What can cause cout << variable << "\t"; to print blankspace instead of a value, when the output exceeds terminal width?

Question

I have a series of three loops that each cout a row of \t delimited values

#include <iostream>
#include <vector>
#include <cstdlib>
using namespace std;

struct the_struct {
    float a_float;
    the_struct() :a_float(0){}
};

class the_class {public: the_struct a_struct;};

int main ()
{ 
    vector <the_class> v_objects;
    for(int q=0; q < 30; q++)
        v_objects.push_back(the_class());

    srand(0);
    int* int_dynamic_array = new int [30];
    for(int q=0; q < 30; q++)
        int_dynamic_array[q] = rand() % 30;

    for(int q=0; q < 30; q++)
        cout << q << "\t";
    cout << "\n";
    for(int q=0; q < 30; q++)
        cout << v_objects[q].a_struct.a_float << "\t";   //at runtime, these are all zeros
    cout << "\n";
    for(int q=0; q < 30; q++)
        cout << int_dynamic_array[q]  << "\t";           //random values between 0 and 29 
    cout << "\n";
}

For some reason, this code only prints exactly 11 values from the 2nd loop, and randomly omits between 0 and 4 values from the third loop. The first loop never has problems. For example (without tabs):

0 1 2 3 4 5 6 7 8 9 10 11 12 13 14 15 16 17 18 19 20 21 22 23 24 25 26 27 28 29  
0 0 0 0 0 0 0 0 0 0 0   
4 7 2 9 7 4 3 1 6 5 26 12 8  28 13 11 22 7  19 2  26 13 9  12 15 24 8    

Strangely, if I modify the tab string from "\t" to "x\t", the program now outputs every value, but obviously with an x after each. For example:

0x 0x 0x 0x 0x 0x 0x 0x 0x 0x 0x 0x 0x 0x 0x 0x 0x 0x 0x 0x 0x 0x 0x 0x 0x 0x 0x 0x 0x 0x 

Answer 1

As discussed in comments under the question, this seems to be a bug/quirk in the Mac terminal (I'm thinking bug, but I don't know if the Posix spec says something weird about the allowable interaction between tabs and the right-hand-side of the terminal).

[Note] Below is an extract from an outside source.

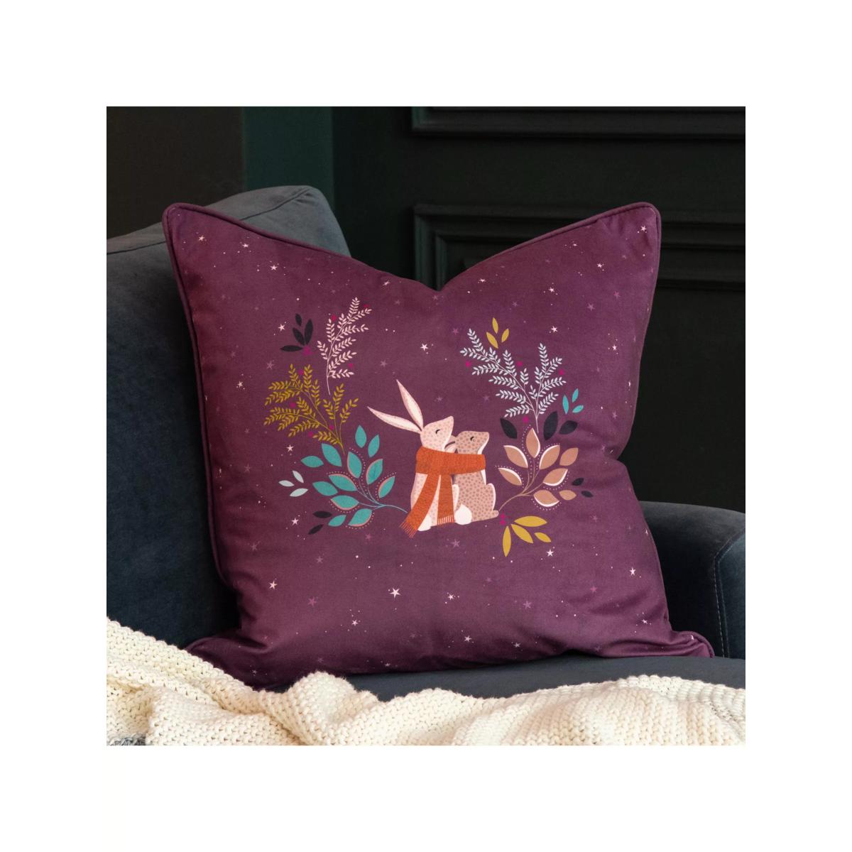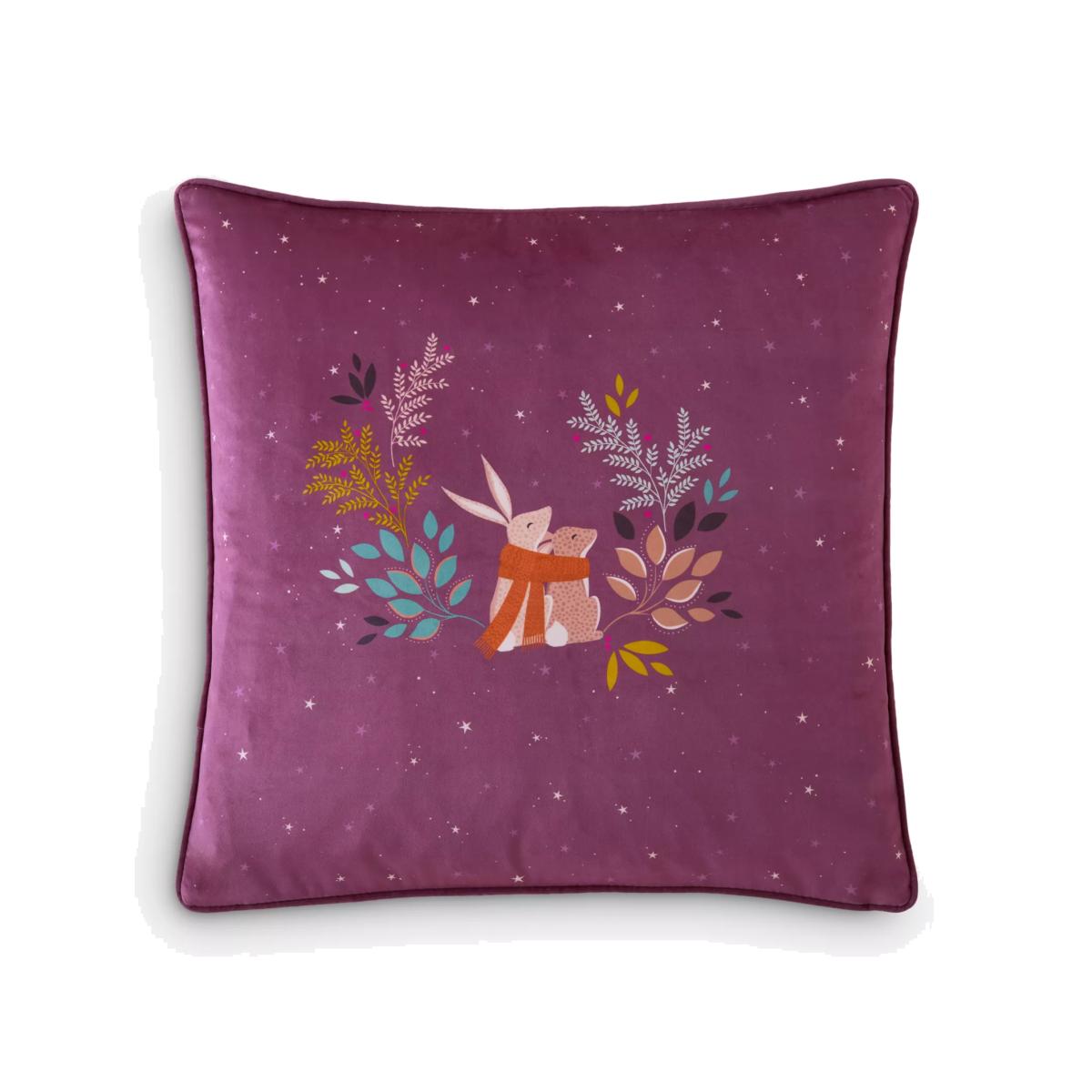 Add festive charm to your sofa or bed with this Woodland Tales Cosy Rabbits velvet cushion from Sara Miller London. This luxurious warm plum, feather-filled cushion, trimmed with coordinating piping detail, will bring a touch of winter magic to your home.

If the 11th value is single-digit (which 0 is), then at least on my terminal the tab stops are set such that you're outputting a tab when the terminal is exactly on the line-end. If the 11th value is two digits[*], then it breaks across the line, so the tab character isn't at line-end. Obviously this shouldn't be a problem, I just have a hunch that it might be.

I don't see the same result on my terminal (which isn't Mac, it's actually puttycyg on Windows) - for me outputting that tab moves the cursor to the next line, as you'd expect.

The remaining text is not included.